社説 ’13参院選 憲法改正 国のかたち問うてこそ

 この国の最高法規を変えるのか、それとも変えないのか。参院選は国政選挙としては初めて憲法改正が本格的な争点に浮上している。

 仮に改憲派が3分の2以上を占める結果となれば、衆院とそろって改正を発議できる。以前に比べ現実味が増したからだ。

 先月上旬、日本世論調査会が行った憲法についての調査で、「改正の必要がある」とする意見が6割を占めた。時代の変化と最高法規との間に、ずれが生じているとの認識が国民に定着しつつあるといえよう。

 一方、発議要件を定めた96条改正には過半数が「反対」だった。こちらの意味も重い。

 どの条文をどう変えるのか、何を加え、何を削除するのか、あるいは変えてはならないのはどこか。国民の多数意見は、条文ごとに論議を深めようということなのだろう。

 中国地方の全候補者22人に尋ねた本紙アンケートでも、おおむね同様の考えがうかがえる。

 改憲賛成は12人と過半数だった。ただ96条改正については合わせて13人が慎重または反対の立場を示したほか、賛成とした候補者からも、中身の議論が不可欠との意見が目立った。

 ここは有権者として各候補、各党の具体的な訴えをしっかり吟味しよう。一人一人が原点に立ち返り、憲法とどう向き合うべきかを見つめ直す。この選挙を、そんな機会にもしたい。

 憲法の理念と現実とのギャップが広がっているのは間違いない。とはいえ、この国の現状に最高法規を合わせれば、それで事足りるだろうか。

 東日本大震災からの復興は遅れている。
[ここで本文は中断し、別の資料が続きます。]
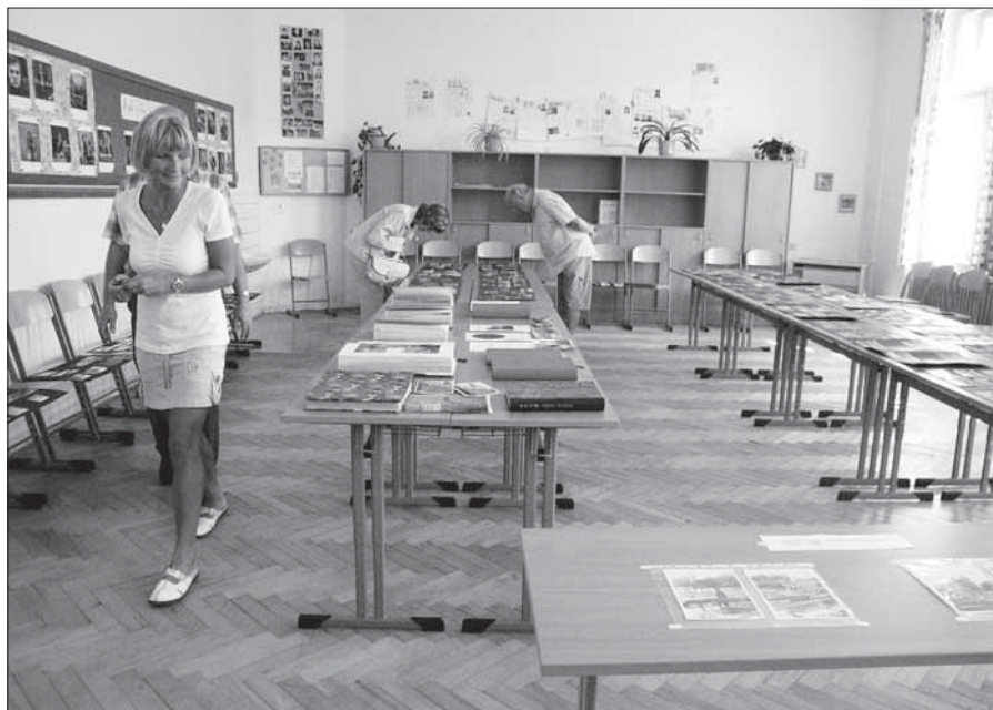
Dny evropského dědictví – výstavka ke 110. výročí ZŠ Komenského.

Přízemí budovy čp. 1 – hospodářské budovy v areálu bývalého pivovaru – si
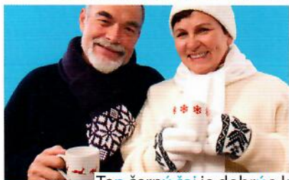
Ten černý čaj je dobrý a kvalitní.
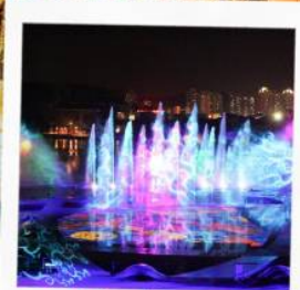
โชว์น้ำสามมิติ OCT BAY WATER SHOW
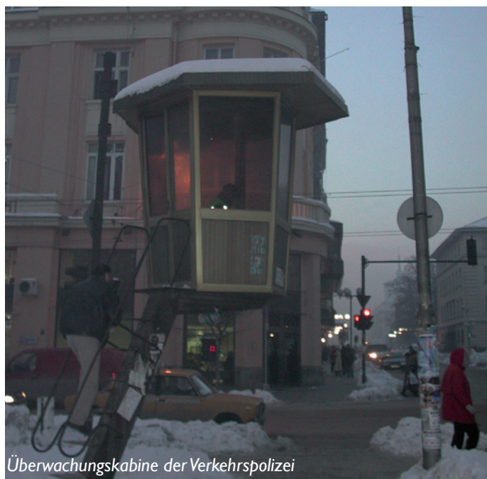
Überwachungskabine der Verkehrspolizei

gierung gewählt, aber Anfang 1997 kam eine parlamentarisch-demokratische Regierung an die Macht.
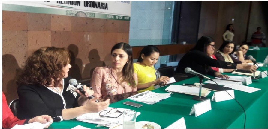
1 de marzo Reunión de Comisión de Igualdad de Género con enlaces de SAGARPA

Se efectuaron siete reuniones ordinarias, durante las cuales se realizó el análisis de temas relevantes como el proyecto de presupuesto transversal 2017 para la igualdad entre hombres y mujeres; propuestas de reforma a la legislación así como exhortos a diversas autoridades de los tres órdenes de gobierno a fin de fortalecer las acciones en favor de la igualdad de género.
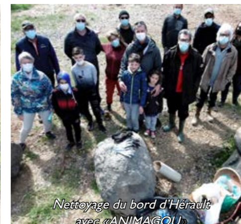
Nettoyage du bord d'Hérault avec «ANIMAGOU»
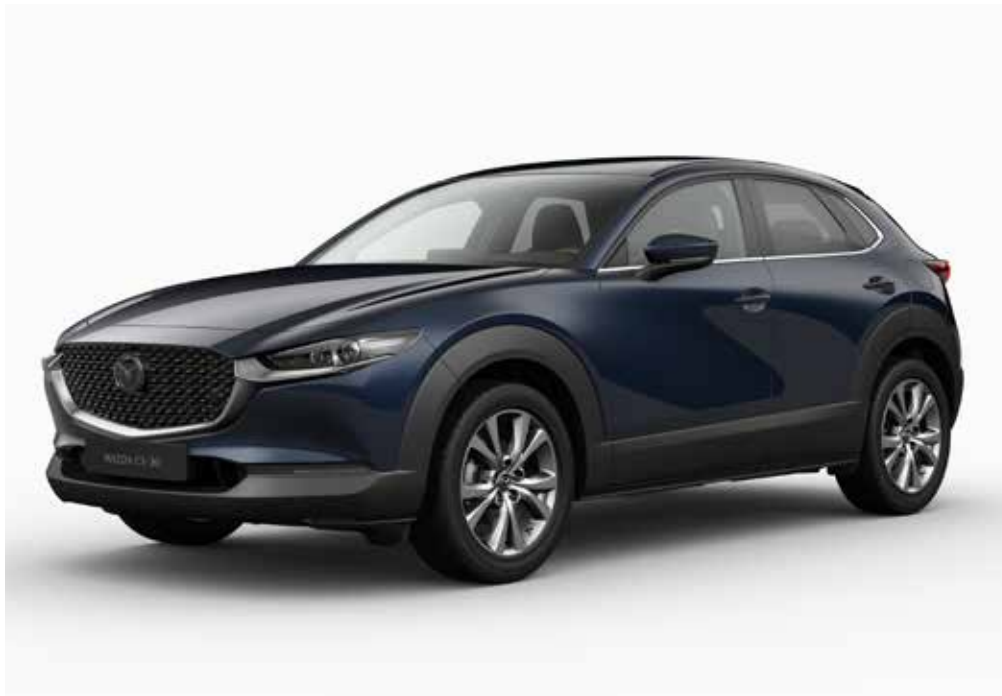
Foto: Mazda CX-30 in Deep Crystal Blue
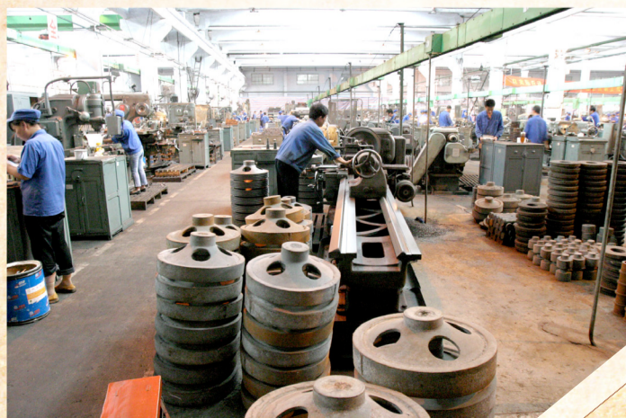
刚搬迁郑州厂房生产现场。

搬迁伊始,百废待兴。郑飞长达十几年的举债搬迁,债台高筑,严重拖累企业发展。迁郑后,科研生产经营上水平上台阶民心所向,而原来1个总厂4个分厂“小而全”的传统管理模式直接制约企业发展,体制机制改革刻不容缓。郑飞主动把握国家发展战略历史性机遇,实施政策性“分立破产”,优化机构、精干流程,初步搭建起现代企业架构雏形。
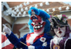
MESTNI PUSTNI KORZO 6. 2. od 10. do 13. ure, staro mestno jedro
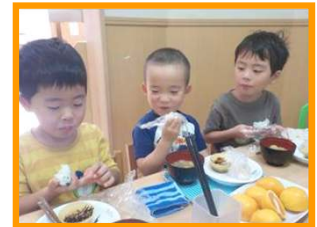
りす組 おにぎりおいしいね！ ぞうさんのさつまじるも おいしいね！
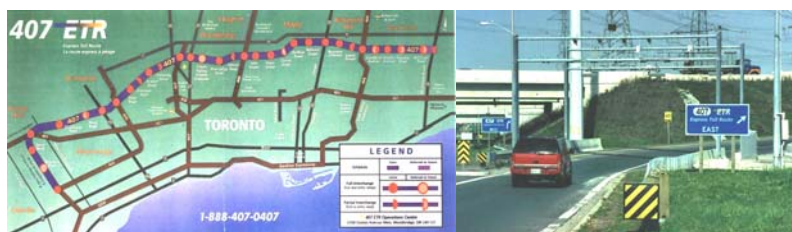
図-5 ETR407 (トロント) におけるフリースルー

ただし、ITS の実践を目指す上で、種々の現行 ITS 関連法制度の限界が、利用者に大きな損失をもたらすことがまさに懸念されている。新たなコンセプトを効果的に実現するために、ITS を推進する関係省庁が一致団結して障害を取り除く努力を怠るべきでない。必要に応じて、制約となっている法制度については柔軟に見直していくことが必要である。
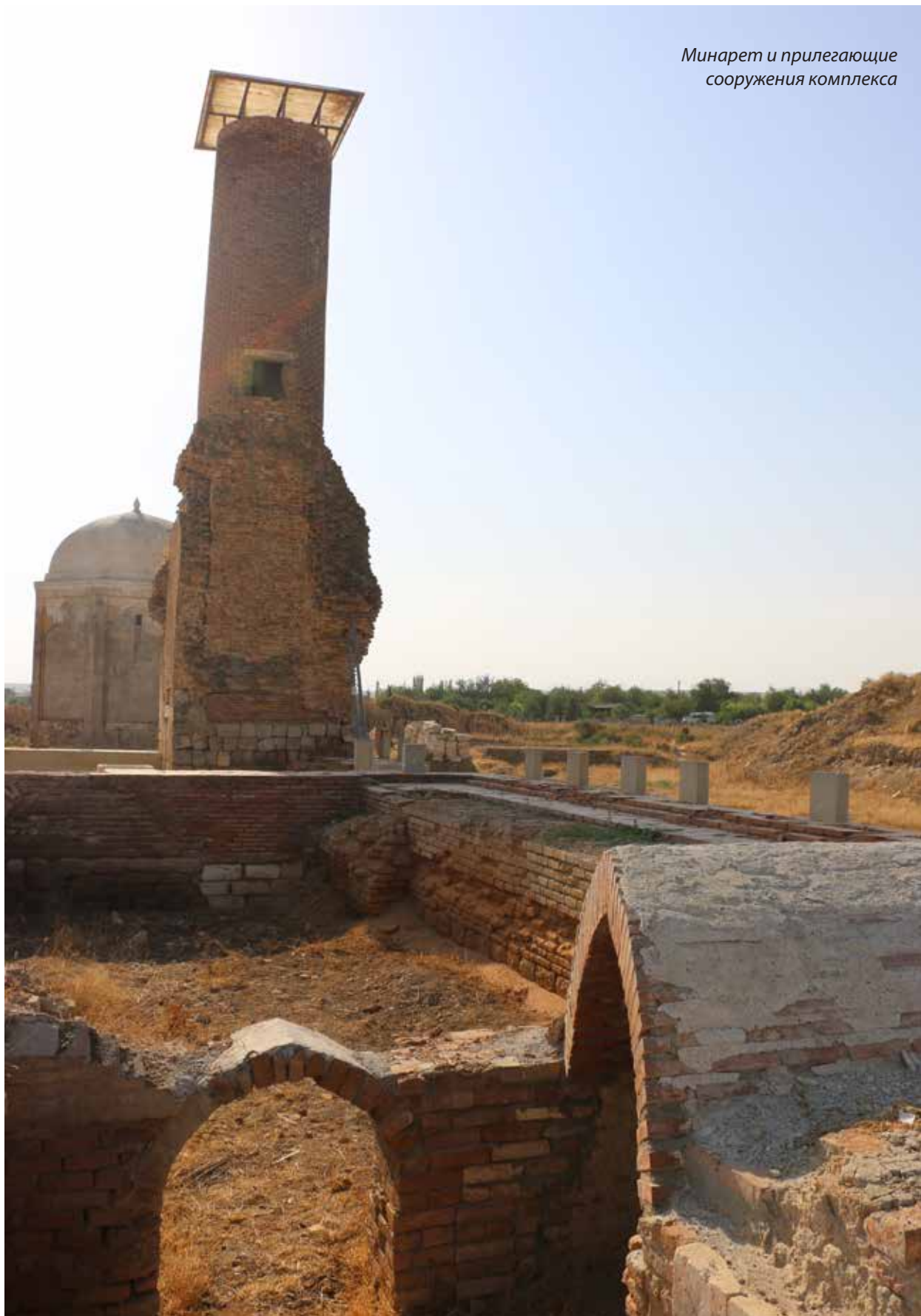
Минарет и прилегающие сооружения комплекса

仮設住宅に暮らし、古里に戻れない被災者にとって、健康で文化的な最低限度の生活を保障した憲法25条は空約束に聞こえるに違いない。

 格差が拡大する中で、学校給食費の支払いに不自由する世帯が増えている。貧困は抜け出しにくく、親から子、孫へと連鎖しがちだ。25条のほか、幸福を追求する権利は最大限尊重されるとの13条を、子どもたちはどう受け止めるだろう。

 被爆地広島からすれば、前文と9条に凝縮された平和主義も、失ってはならない現行憲法の輝きにほかならない。座して平和が訪れる国際情勢ではない。それでも、同盟国の戦争に加担できるようにすることが唯一無二の選択肢だろうか。

 歳月を経ても色あせない憲法の理念は少なくない。それを思うとき、改憲を発議できる国会の姿勢が気掛かりでならない。

 司法から繰り返し、違憲あるいは違憲状態と指摘された衆院の「1票の格差」是正に、先の国会はすったもんだの揚げ句、やっと重い腰を上げた。

 これでは国会議員が自ら、憲法を軽んじる風潮を強めていると批判されても仕方あるまい。

 憲法を変えさえすれば全てがうまく運ぶ。この国の現実がそれほど甘くはないことは、どの候補者も分かっていよう。

 公正で公平な社会を築くには何が不足し、それを埋めるために政治はどんな役割を果たすというのか。主権者である国民の権利と義務、さらには国家との関係をどう位置付けるのか。

 まずは、この国のかたちについての議論から始めたい。そこが欠けては、1票を託す選択基準も見えてこない。